**Problem statement**.
What is needed is an exact copy of the lines in the entries below from the one holding "কাদাকাটি ইউনিয়ন পরিষদ" through the one holding "Die Lehre Vom", pictures excluded.

**Task input**.
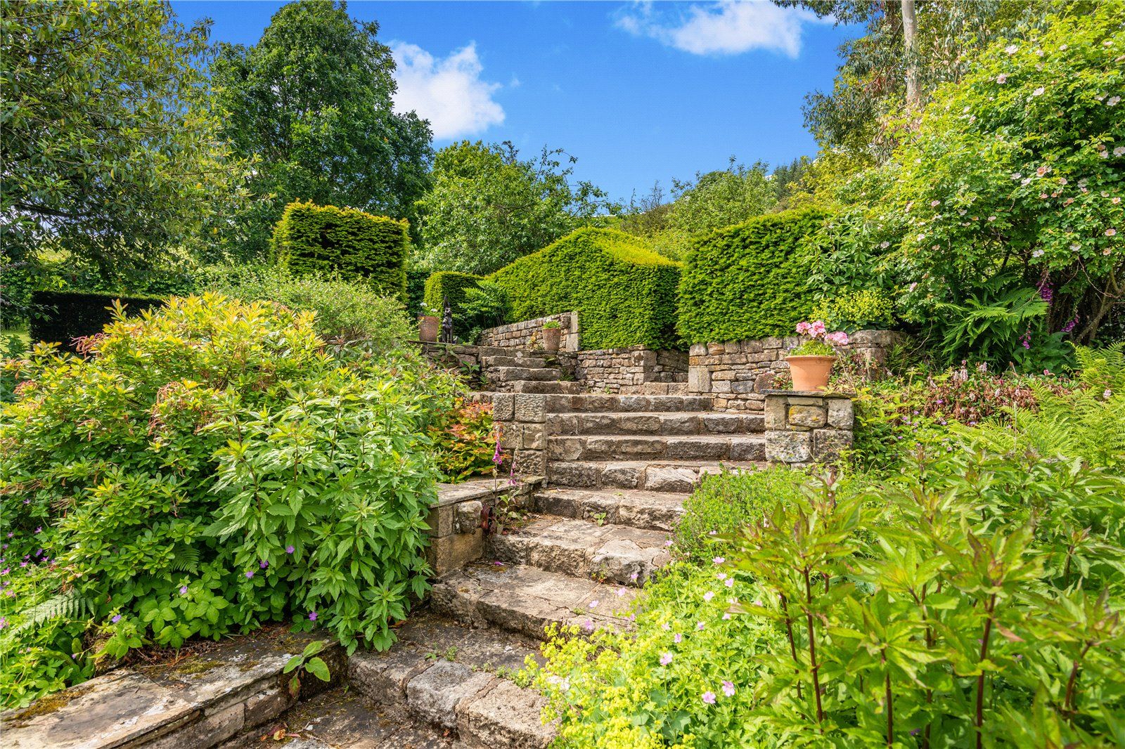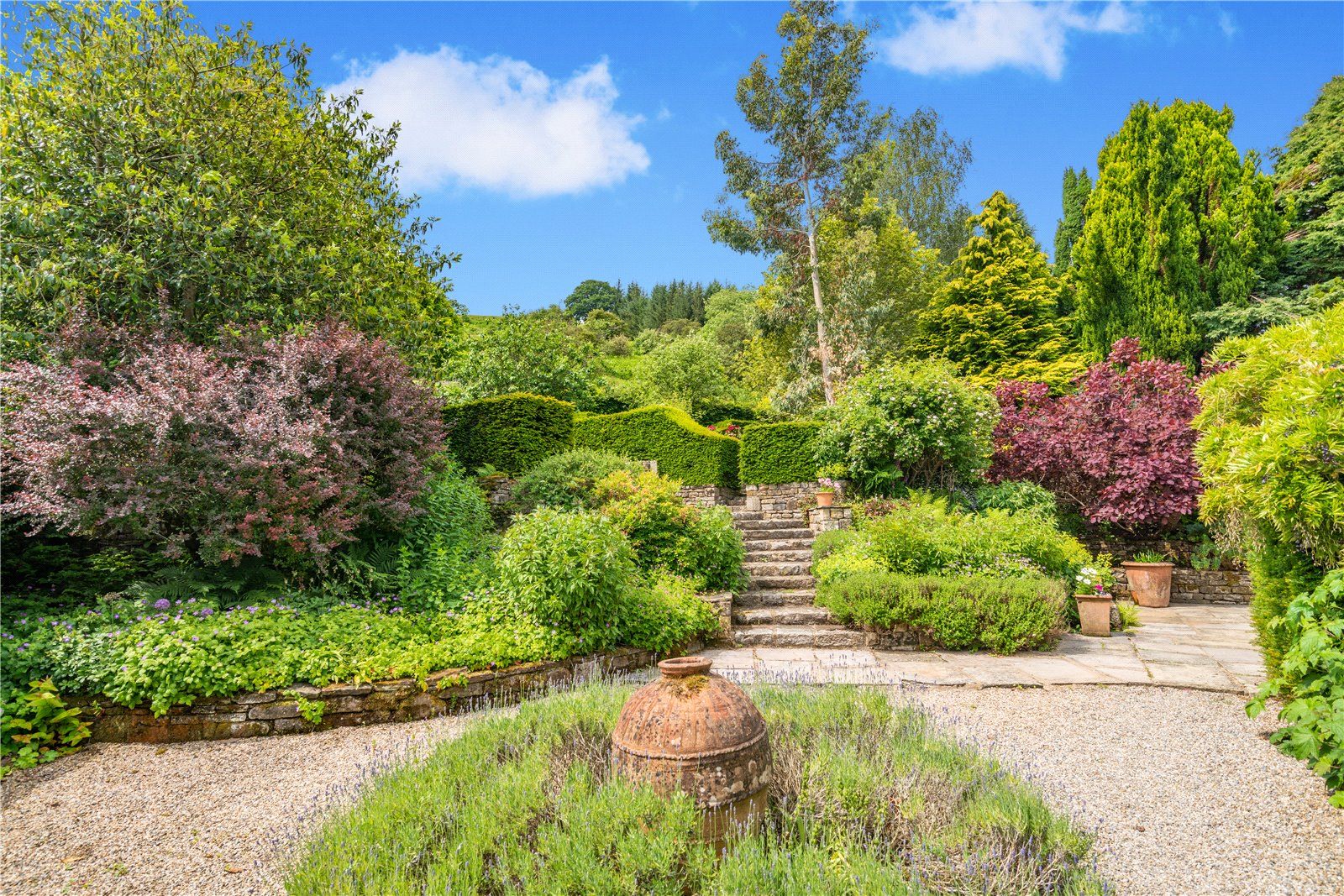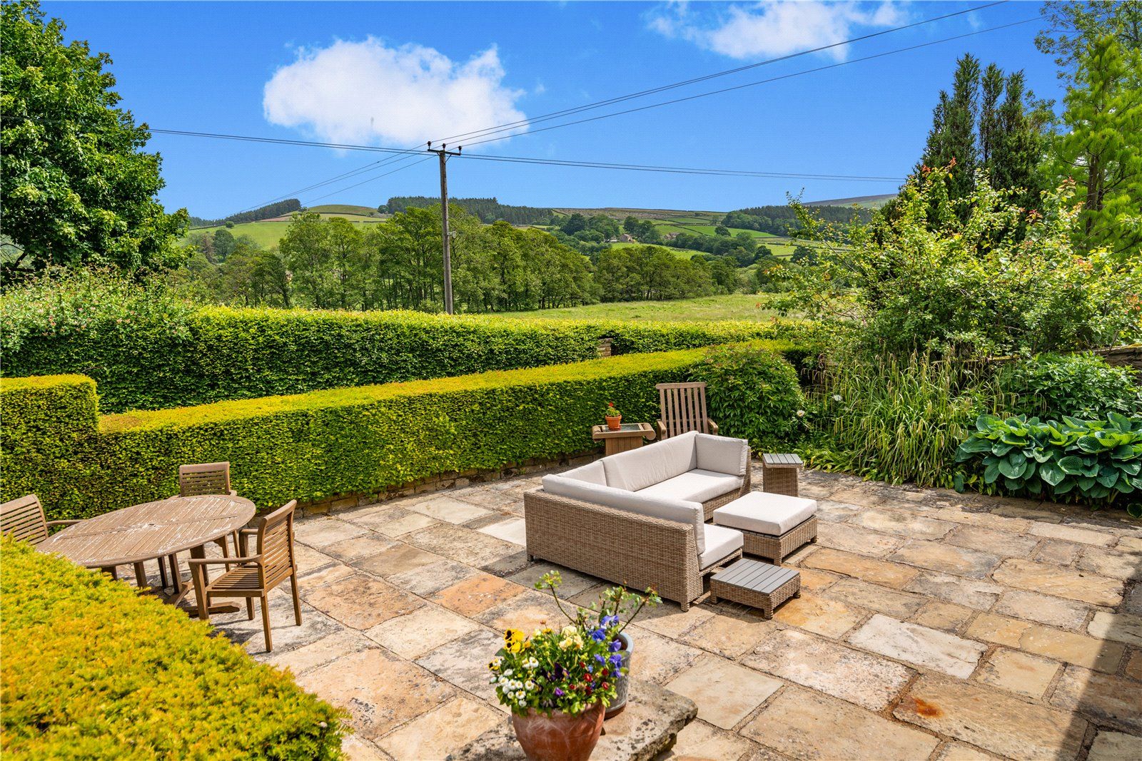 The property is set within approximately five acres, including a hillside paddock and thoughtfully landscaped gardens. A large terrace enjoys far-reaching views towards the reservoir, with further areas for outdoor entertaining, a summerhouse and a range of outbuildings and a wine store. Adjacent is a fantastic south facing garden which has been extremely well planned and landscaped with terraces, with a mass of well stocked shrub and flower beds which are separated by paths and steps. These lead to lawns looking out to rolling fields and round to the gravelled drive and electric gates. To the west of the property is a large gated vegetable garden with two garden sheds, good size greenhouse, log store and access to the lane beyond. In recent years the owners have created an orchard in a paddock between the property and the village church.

---

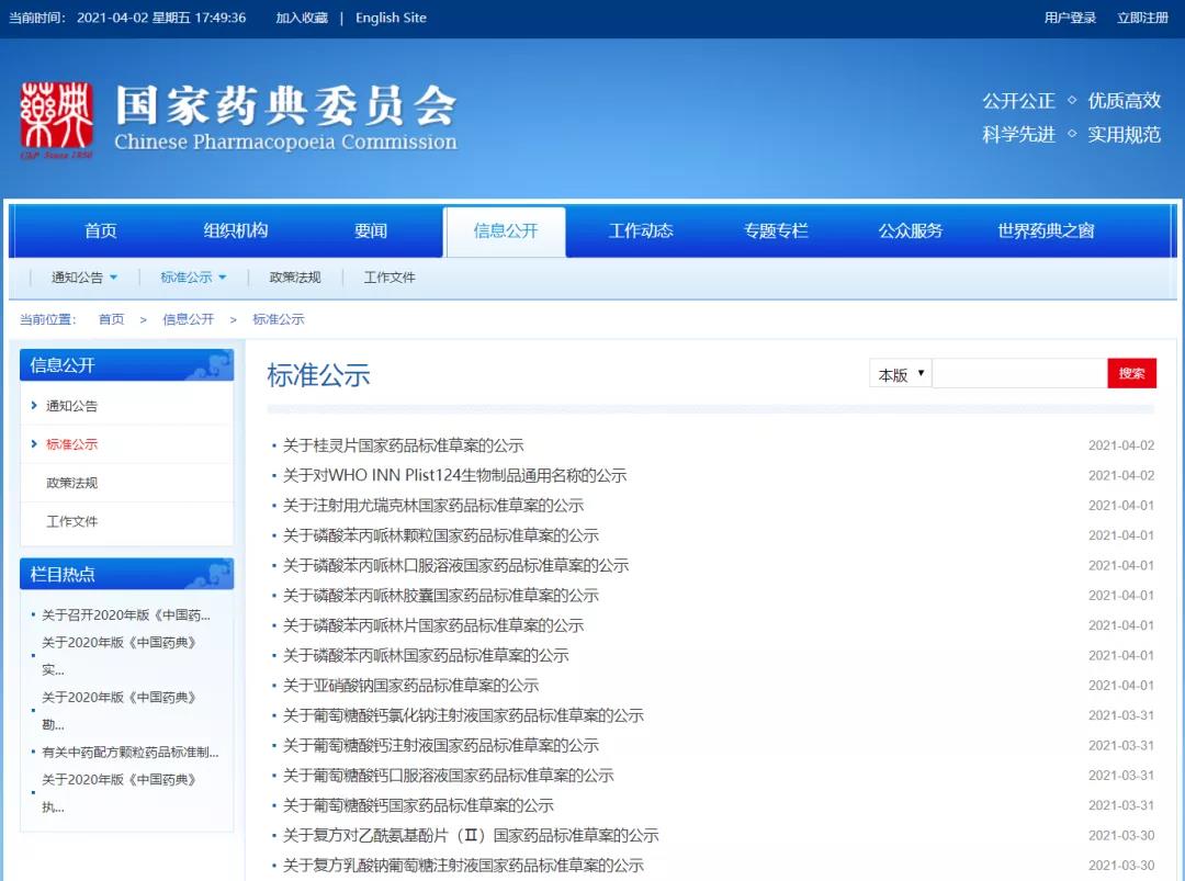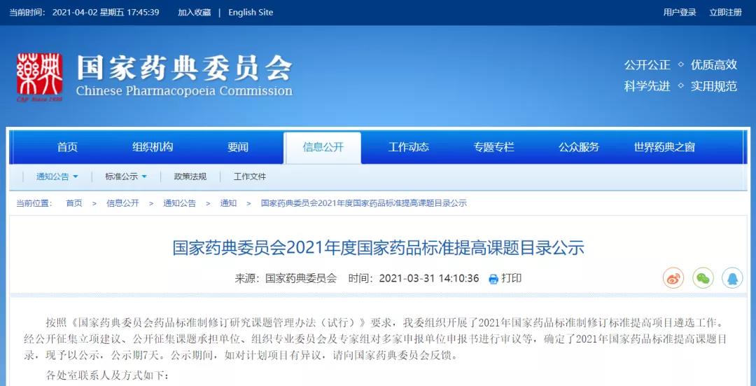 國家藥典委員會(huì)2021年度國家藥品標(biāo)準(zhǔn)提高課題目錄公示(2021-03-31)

---

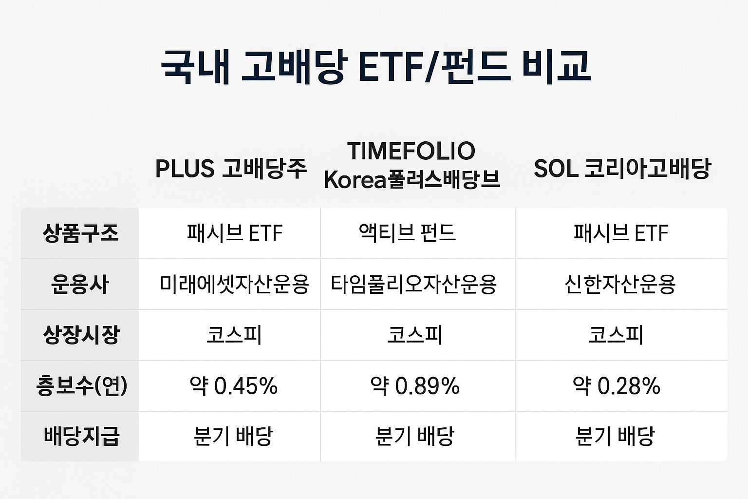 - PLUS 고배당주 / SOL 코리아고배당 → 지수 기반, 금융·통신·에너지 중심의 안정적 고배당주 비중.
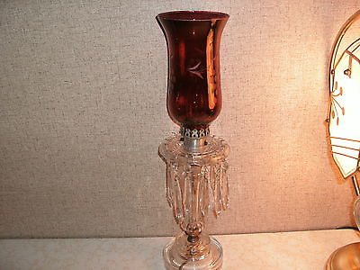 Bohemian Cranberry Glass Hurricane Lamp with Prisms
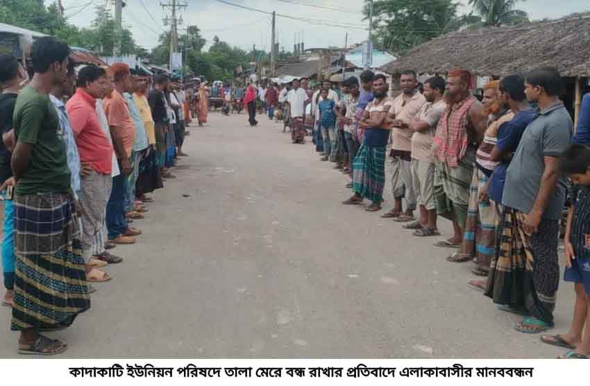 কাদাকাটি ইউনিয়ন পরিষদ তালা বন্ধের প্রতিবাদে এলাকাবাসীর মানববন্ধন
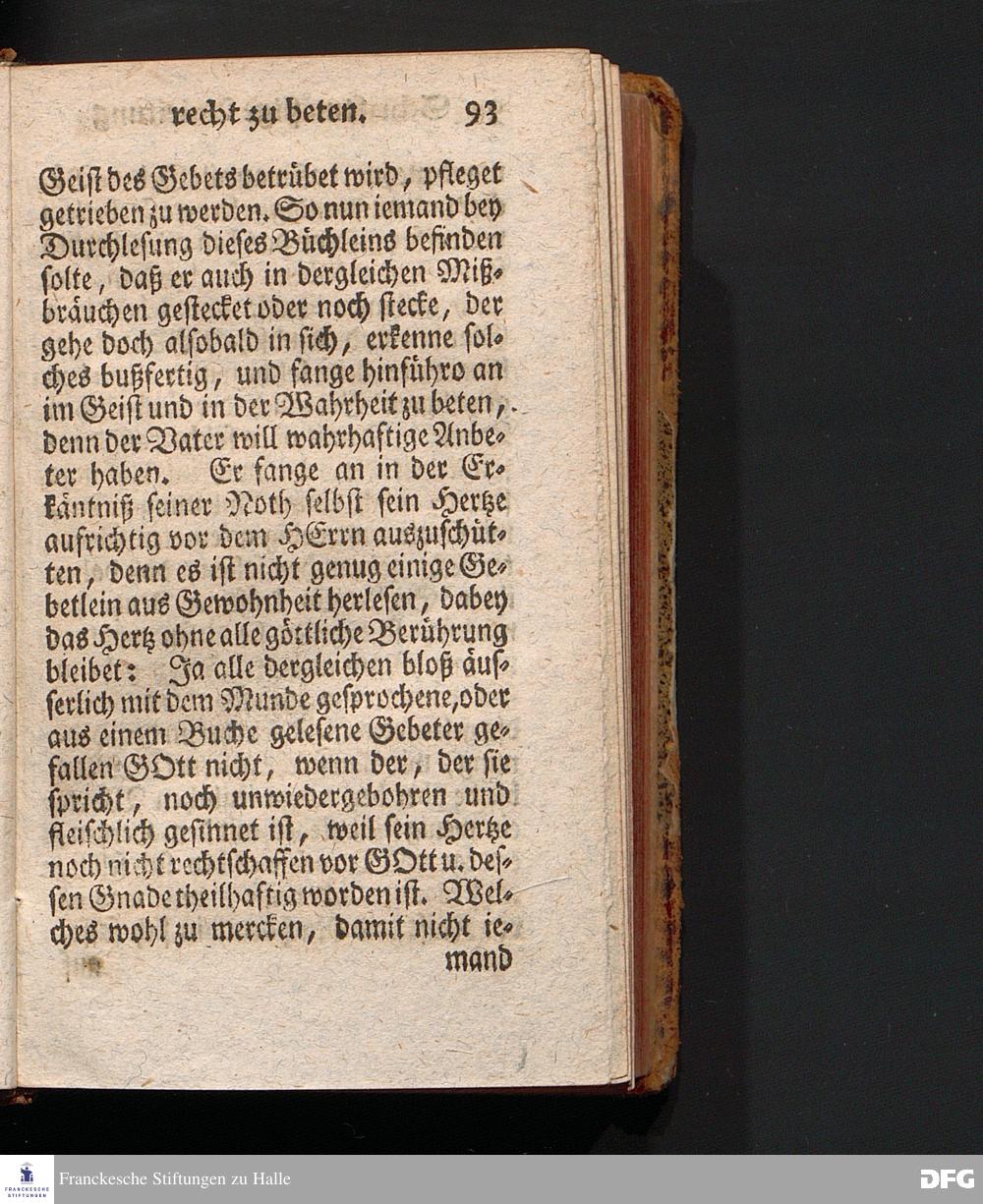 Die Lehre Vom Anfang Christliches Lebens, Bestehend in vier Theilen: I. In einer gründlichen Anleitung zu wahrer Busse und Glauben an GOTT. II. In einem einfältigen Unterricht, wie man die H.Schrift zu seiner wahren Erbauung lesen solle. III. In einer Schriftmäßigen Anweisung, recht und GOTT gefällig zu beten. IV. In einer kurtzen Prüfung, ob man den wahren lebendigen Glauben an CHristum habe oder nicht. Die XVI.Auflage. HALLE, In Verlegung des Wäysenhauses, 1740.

**Solution to this exercise**.
 কাদাকাটি ইউনিয়ন পরিষদ তালা বন্ধের প্রতিবাদে এলাকাবাসীর মানববন্ধন
 Die Lehre Vom Anfang Christliches Lebens, Bestehend in vier Theilen: I. In einer gründlichen Anleitung zu wahrer Busse und Glauben an GOTT. II. In einem einfältigen Unterricht, wie man die H.Schrift zu seiner wahren Erbauung lesen solle. III. In einer Schriftmäßigen Anweisung, recht und GOTT gefällig zu beten. IV. In einer kurtzen Prüfung, ob man den wahren lebendigen Glauben an CHristum habe oder nicht. Die XVI.Auflage. HALLE, In Verlegung des Wäysenhauses, 1740.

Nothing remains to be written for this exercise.